-------- GIVEN MATERIAL
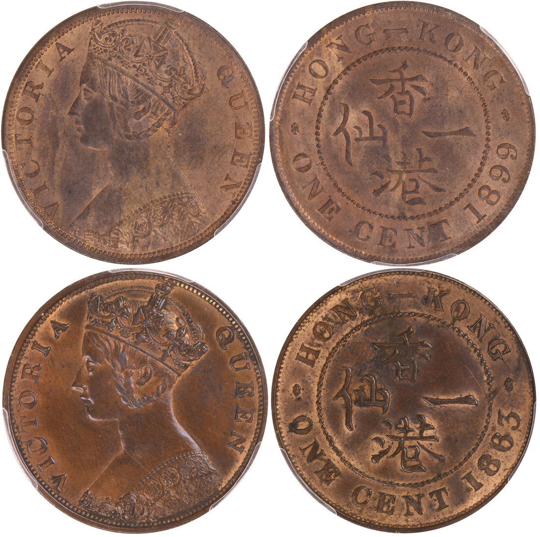 Hong Kong, lot of 2x bronze 1 cent, 1863 and 1899, Queen Victoria on obverse,
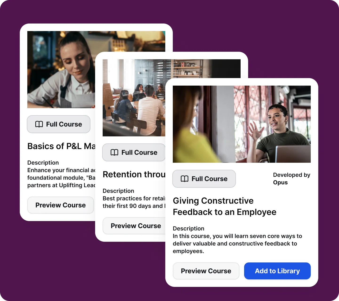 Strong managers stay longer and perform better. Opus helps you deliver training that improves retention, boosts performance, and builds confident leaders.
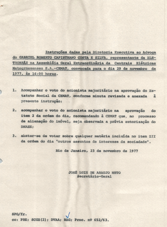 Documentos referentes à Assembleia Geral Extraordinária das Centrais Elétricas Matogrossenses S.A. - CEMAT - ocorrida em 29 de novembro de 1977, tendo como ordem do dia adaptação do estatuto social de sociedade atendendo as exigências do Artigo 296, da Lei das Sociedades por ações, autorização para alienar parte do imóvel da sociedade localizado na cidade de Corumbá para a Prefeitura Municipal de Corumbá, onde funcionava a subestação da empresa, além de outros assuntos de interesse da empresa. Inclui pauta enviada a Gabriel Roberto Capistrano Costa e Silva, representante Eletrobras.
----------------
• _TASK DIRECTIONS_
Skip the pictures. Return exactly the lines from the one containing "Strong managers stay" through the end of the data above, both included, and nothing besides.

• _ANSWER TO THIS EXERCISE_
 Strong managers stay longer and perform better. Opus helps you deliver training that improves retention, boosts performance, and builds confident leaders.
 Documentos referentes à Assembleia Geral Extraordinária das Centrais Elétricas Matogrossenses S.A. - CEMAT - ocorrida em 29 de novembro de 1977, tendo como ordem do dia adaptação do estatuto social de sociedade atendendo as exigências do Artigo 296, da Lei das Sociedades por ações, autorização para alienar parte do imóvel da sociedade localizado na cidade de Corumbá para a Prefeitura Municipal de Corumbá, onde funcionava a subestação da empresa, além de outros assuntos de interesse da empresa. Inclui pauta enviada a Gabriel Roberto Capistrano Costa e Silva, representante Eletrobras.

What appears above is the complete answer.